Adams grew up in New Haven, Connecticut, the only child of Yale professor George Burton Adams. As a child, she visited England with her father, where she was first exposed to William Morris and the Arts and Crafts movement. She graduated from Vassar College in 1904, with no intention of practicing architecture.[1]
Six years later, she enrolled in the New York School of Applied Design for Women to study interior design. Adams received commissions from Vassar to remodel several campus buildings in 1914. The following year she decided to open her own interior design firm in New York City. During that first year, she received a commission to design a house for two Vassar professors, Edith Fahnestock and Rose Peebles. Adams would go on to design at least six Vassar residences over the course of forty years.
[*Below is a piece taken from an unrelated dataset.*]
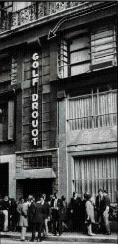 Cette salle devenue une véritable institution était un golf miniature, situé au premier étage du 2 rue Drouot à Paris, au dessus du café d'Angleterre devenu aujourd'hui un MacDo. Henri Leproux eut l'idée d'en faire un lieu de rendez-vous musical pour les jeunes. Le fameux "tremplin", était une petite scène installée en mars 1962, et sur laquelle vont défiler, non seulement toutes les vedettes de la vague yéyé, mais aussi des groupes amateurs auxquels Henri Leproux voulait donner une chance tous les vendredis soir. Plus de 6000 groupes s'y produiront ! C'est là que j'avais été voir mon copain victor et ses "silver stars" alors qu'ils accompagnaient Vigon ! Juste avant que ce dernier ne change pour les lemons. Le golf drouot a fermé définitivement ses portes en 1981. Si vous voulez en savoir plus sur le golf drouot vous pouvez consulter cet excellent site : http://www.golfdrouot.ifrance.com |

Their architectural styles varied, including medieval, Tudor, and neoclassical architecture. She also served as a design consultant for Vassar until 1942. In this position she compiled annual inventories of all of the buildings owned by the college.[1]
In 1921, Adams became the architect for Yelping Hill in West Cornwall, Connecticut.[2] Yelping Hill is a private community started by Henry Seidel Canby, Lee Wilson Dodd, Beverly Waugh Kunkel, Henry Noble MacCracken, David Stanley Smith, and Mason Trowbridge with their wives and children, and served as a summer community in the spirit of the Quaker camps in the Poconos. Adams designed all the residences, co-planned the community, and served as a construction foreman. The houses had no kitchens, as all dining took place in a communal dining room. Childcare was also a community task. These concepts and executions by Adams are considered by architecture historians to be an expression of Adams' feminist ideals. Despite focusing on architecture, Adams described herself as a "designer," rather than an architect.[1]
Adams' achievements are located in the collection of the Vassar College archives. The records pertaining to her work with Yelping Hill are held by the Yelping Hill Association Archives.[1]